* **WHAT THE TASK ASKS**: The material below holds the lines to copy: from the one with "Elementary school students" up to and including the one with "THE COST OF". Copy them exactly and skip the pictures.

* **THE RECORDS**:
= Beginning of Section =
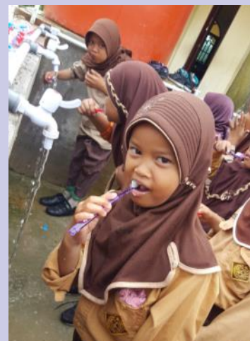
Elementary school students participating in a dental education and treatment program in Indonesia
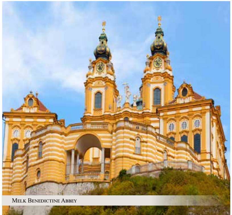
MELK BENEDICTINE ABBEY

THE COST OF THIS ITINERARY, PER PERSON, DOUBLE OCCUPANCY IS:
= End of Section =
= Beginning of Section =
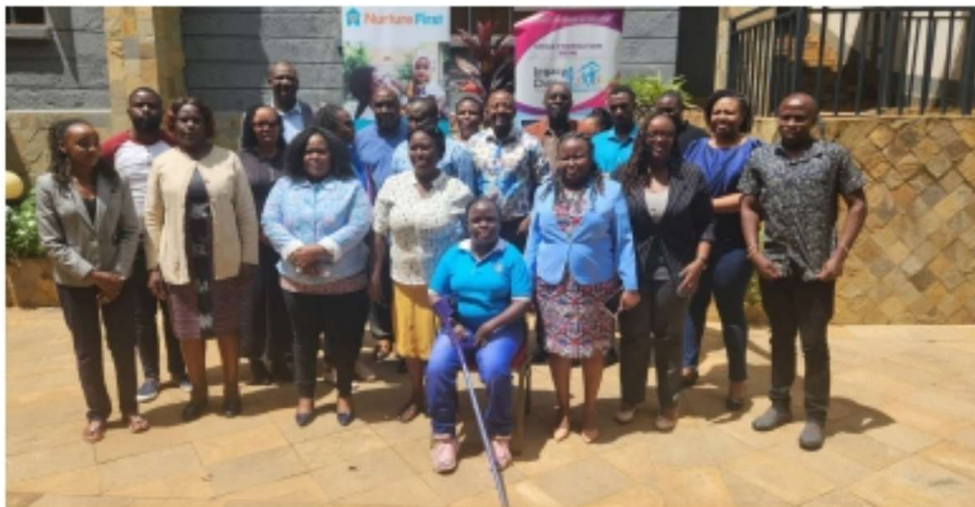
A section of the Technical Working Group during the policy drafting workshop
= End of Section =
= Beginning of Section =
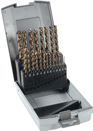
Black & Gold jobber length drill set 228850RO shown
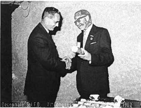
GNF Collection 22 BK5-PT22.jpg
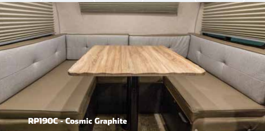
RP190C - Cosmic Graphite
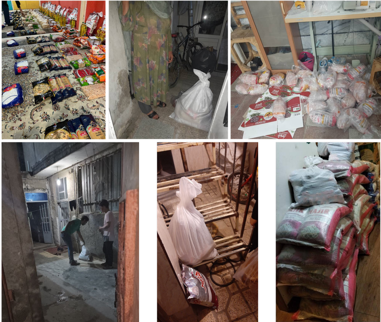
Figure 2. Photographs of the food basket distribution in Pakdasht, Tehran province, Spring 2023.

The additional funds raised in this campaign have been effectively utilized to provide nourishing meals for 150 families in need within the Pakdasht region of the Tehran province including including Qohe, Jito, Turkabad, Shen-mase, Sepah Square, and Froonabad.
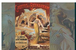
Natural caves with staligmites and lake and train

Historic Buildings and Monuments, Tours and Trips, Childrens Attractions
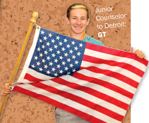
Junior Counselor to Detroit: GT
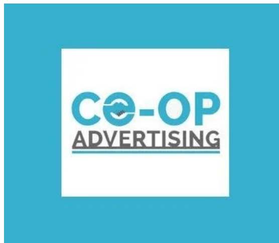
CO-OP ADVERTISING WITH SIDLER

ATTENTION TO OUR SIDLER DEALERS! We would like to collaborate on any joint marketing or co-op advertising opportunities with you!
= End of Section =
* **ANSWER SECTION**:
Elementary school students participating in a dental education and treatment program in Indonesia
MELK BENEDICTINE ABBEY

THE COST OF THIS ITINERARY, PER PERSON, DOUBLE OCCUPANCY IS:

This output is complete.